Gymnosperms are seed plants that have evolved cones to carry their reproductive structures.
- Discuss the type of seeds produced by gymnosperms
- Gymnosperms produce both male and female cones, each making the gametes needed for fertilization; this makes them heterosporous.
- Megaspores made in cones develop into the female gametophytes inside the ovules of gymnosperms, while pollen grains develop from cones that produce microspores.
- Conifer sperm do not have flagella but rather move by way of a pollen tube once in contact with the ovule.
- ovule: the structure in a plant that develops into a seed after fertilization; the megasporangium of a seed plant with its enclosing integuments
- sporophyll: the equivalent to a leaf in ferns and mosses that bears the sporangia
- heterosporous: producing both male and female gametophytes
Characteristics of Gymnosperms
Gymnosperms are seed plants adapted to life on land; thus, they are autotrophic, photosynthetic organisms that tend to conserve water. They have a vascular system (used for the transportation of water and nutrients) that includes roots, xylem, and phloem. The name gymnosperm means “naked seed,” which is the major distinguishing factor between gymnosperms and angiosperms, the two distinct subgroups of seed plants. This term comes from the fact that the ovules and seeds of gymnosperms develop on the scales of cones rather than in enclosed chambers called ovaries.
Gymnosperms are older than angiosperms on the evolutionary scale. They are found far earlier in the fossil record than angiosperms. As will be discussed in subsequent sections, the various environmental adaptations gymnosperms have represent a step on the path to the most successful (diversity-wise) clade (monophyletic branch).

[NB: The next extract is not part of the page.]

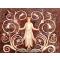 La fusée est en os sculpté en bas-relief de rinceaux feuillagés et de deux figures féminines nues, en pieds et vues de face. Elles tiennent chacune de leurs deux mains des rinceaux, l’une bras levés, l’autre bras baissés.

Gymnosperm Reproduction and Seeds
Gymnosperms are sporophytes (a plant with two copies of its genetic material, capable of producing spores ). Their sporangia (receptacle in which sexual spores are formed) are found on sporophylls, plated scale-like structures that together make up cones. The female gametophyte develops from the haploid (meaning one set of genetic material) spores that are contained within the sporangia. Like all seed plants, gymnosperms are heterosporous: both sexes of gametophytes develop from different types of spores produced by separate cones. One type of cone is the small pollen cone, which produces microspores that subsequently develop into pollen grains. The other type of cones, the larger “ovulate” cones, make megaspores that develop into female gametophytes called ovules. Incredibly, this whole sexual process can take three years: from the production of the two sexes of gametophytes, to bringing the gametophytes together in the process of pollination, and finally to forming mature seeds from fertilized ovules. After this process is completed, the individual sporophylls separate (the cone breaks apart) and float in the wind to a habitable place. This is concluded with germination and the formation of a seedling. Conifers have sperm that do not have flagella, but instead are conveyed to the egg via a pollen tube. It is important to note that the seeds of gymnosperms are not enclosed in their final state upon the cone.
Female cone of Tamarack pine: The female cone of Pinus tontorta, the Tamarack Pine, showing the rough scales. This is the cone that produces ovules.
Male cone of Tamarack pine: The male cone of Pinus tontorta, the Tamarack pine, showing the close proximity of the scales. This is the cone that produces pollen.